Adonis "Donnie" Johnson (Michael B. Jordan), the illegitimate son of the late former heavyweight champion Apollo Creed, tracks down Rocky Balboa at Adrian's and asks Rocky to become his trainer. Rocky is reluctant, but eventually agrees. When word gets out that Donnie is Creed's illegitimate son, the handlers of world light heavyweight champion "Pretty" Ricky Conlan, who is forced into retirement by an impending prison term, offer to make Donnie the latter's final challenger—provided that he change his name to Adonis Creed. Donnie balks at first, wanting to forge his own legacy, but he eventually agrees. While helping Donnie train, Rocky learns he has non-Hodgkin's lymphoma. He is initially unwilling to undergo chemotherapy because it wasn't enough to save Adrian from ovarian cancer. Donnie persuades Rocky to seek treatment and continues training while Rocky recovers. In a battle reminiscent of Apollo and Rocky's first fight, Donnie fights Conlan in Conlan's hometown of Liverpool and surprises almost everyone by going the distance and pushing Conlan to his limit. Conlan wins by split decision, but Donnie wins the respect of Conlan and the crowd, with Conlan calling Donnie the future of the light heavyweight division. Returning to Philadelphia, Donnie and a recovering Rocky both make their way up the Philadelphia Museum steps and look at the skyline.

Creed II (2018)

Three years after losing the fight to "Pretty" Ricky Conlan, Adonis Johnson Creed wins the World Heavyweight Championship and proposes to his girlfriend, Bianca Taylor (Tessa Thompson). Meanwhile, three decades since the death of Apollo Creed and his loss to Rocky Balboa, Ivan Drago is training his son, Viktor Drago (Florian Munteanu), to reclaim their honor by having Viktor publicly challenge Adonis for the World Heavyweight Title. Rocky is reluctant to train Adonis, fearing Adonis will meet the same fate as his father, but Adonis accepts the challenge without him and is badly injured during the fight. Because of Viktor's disqualification, Adonis retains the title. Viktor demands a rematch, while he is being promoted by his father's supporters who originally abandoned Drago, including Drago's ex-wife, Ludmilla (Brigitte Nielsen). Viktor is subjected to vicious training sessions in preparation for the rematch. Rocky comes to Adonis' aid and decides to train him in the Southern California desert, with a different tactic for Adonis to take in Viktor's powerful punches. The rematch is set in Moscow, and Adonis is able to take Viktor's powerful punches, while leaving Viktor exhausted. Viktor's supporters and his mother leave during the fight with doubt that Viktor will win. Drago seeing his son taking Adonis’ punches without fighting back, throws in the towel and assures his son that he is more important to him and that he will not abandon him like he was. While Rocky later reunites with his son, Robert (Milo Ventimiglia) and meets his grandson, Adonis goes to his late father's grave, making peace with his late father and honoring his legacy.

Creed III (2023)

In December 2018, Sylvester Stallone confirmed that there are ongoing discussions regarding a third Creed film. That same month, professional boxer Deontay Wilder announced plans to begin a career in acting, stating specifically that he wants to play James "Clubber" Lang's son in Creed III. Stallone and Michael B. Jordan expressed mutual interest in such a character featuring in the plot of the next installment, while Stallone stated that he wasn't opposed to the casting choice. Creed III was later officially confirmed to be in development. Producers expressed interest in having Jordan serve as director, with Irwin Winkler stating that he had personally offered the position to the actor.

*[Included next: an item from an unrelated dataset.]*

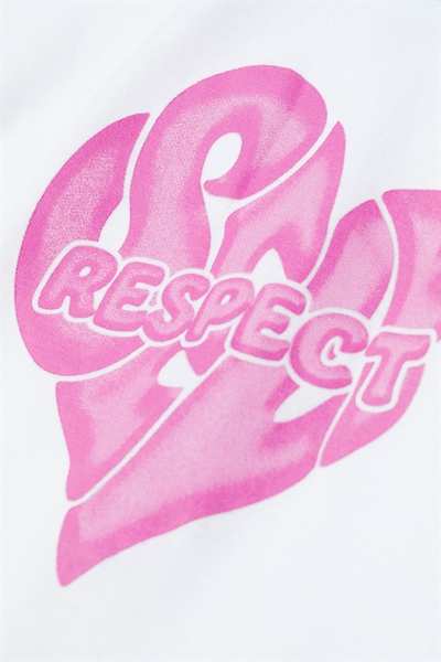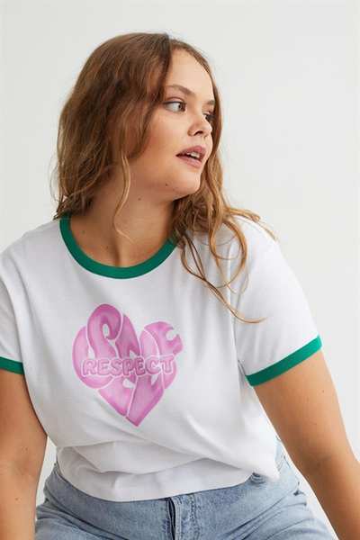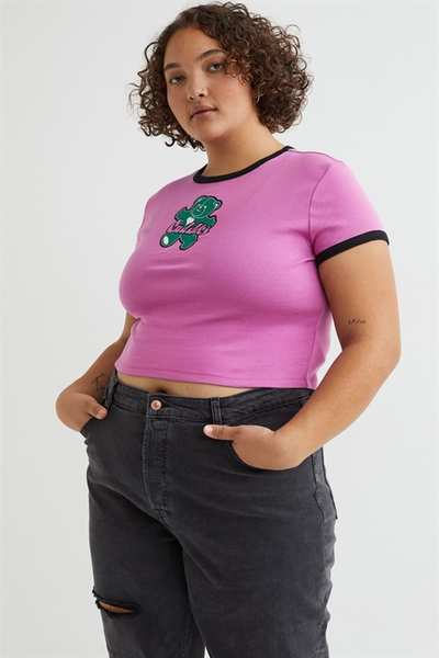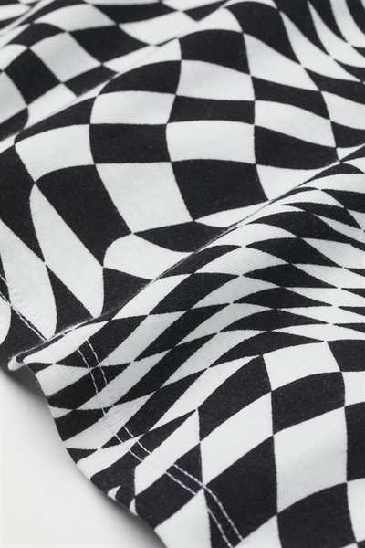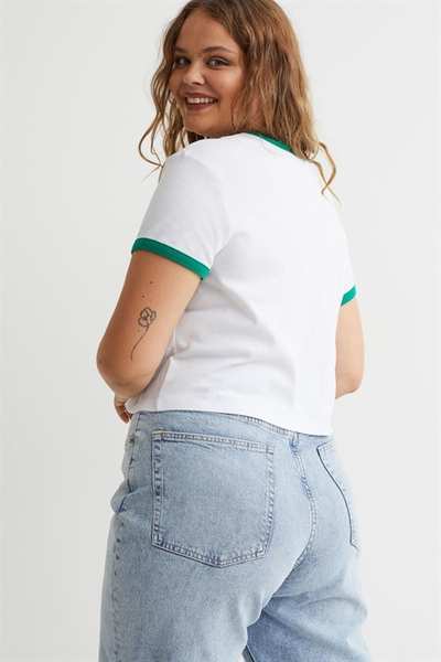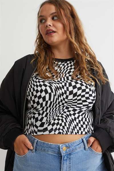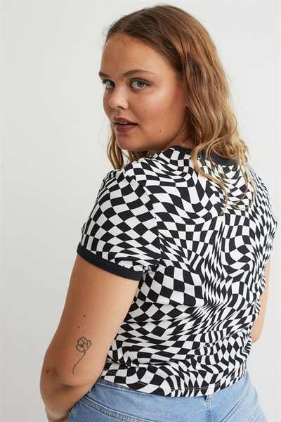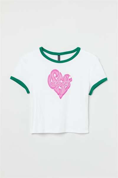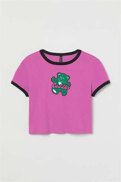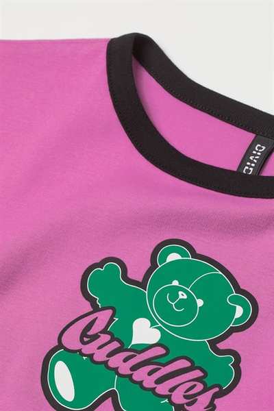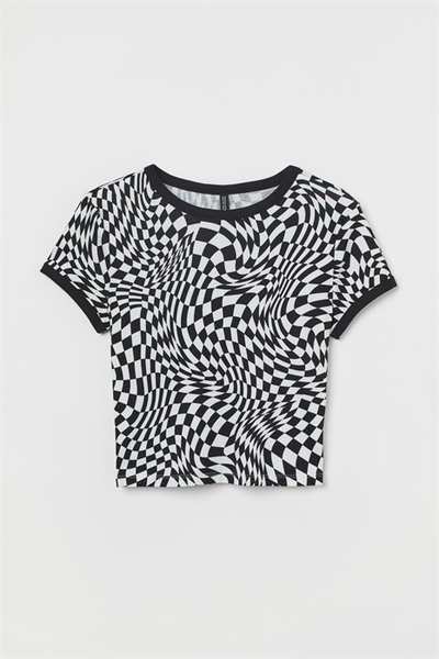 Короткая облегающая рубашка из мягкого хлопкового трикотажа с принтом. Детали: круглый вырез горловины, короткие рукава, окантовка по горловине и манжетам.

In February 2020, Zach Baylin signed on as screenwriter with Jordan confirmed to reprise his role as Adonis "Donnie" Creed. By October of the same year, Jordan entered early negotiations to be the film's director in addition to his starring role. By March 2021 Jordan officially signed on as director of the project, marking the directorial debut for the star as a filmmaker, with a script co-written by Zach Baylin and Keenan Coogler, from an original story written by Ryan Coogler. Irwin Winkler, Charles Winkler, William Chartoff, David Winkler, Jonathan Glickman, Jordan and Ryan Coogler serve as co-producers. Stallone later announced that he will not appear as Balboa in the film, though he is still involved as a producer. The project is a joint-venture production between MGM, Chartoff-Winkler Productions, Proximity Media, and United Artists Releasing. Creed III was released on March 3, 2023.

Future

Drago (TBA)
In November 2021, Dolph Lundgren revealed that there are developments for a film centered around his character Ivan Drago. By July 2022, the project was officially announced by MGM with Robert Lawton serving as screenwriter on the project. Lawton had previously completed a spec script for a movie pitch centered around the making of the first Rocky film. Though the studio did not choose to develop that script, studio executives were impressed enough to hire the writer for the Drago film. The screenplay is stated to be centered around Ivan Drago's backstory.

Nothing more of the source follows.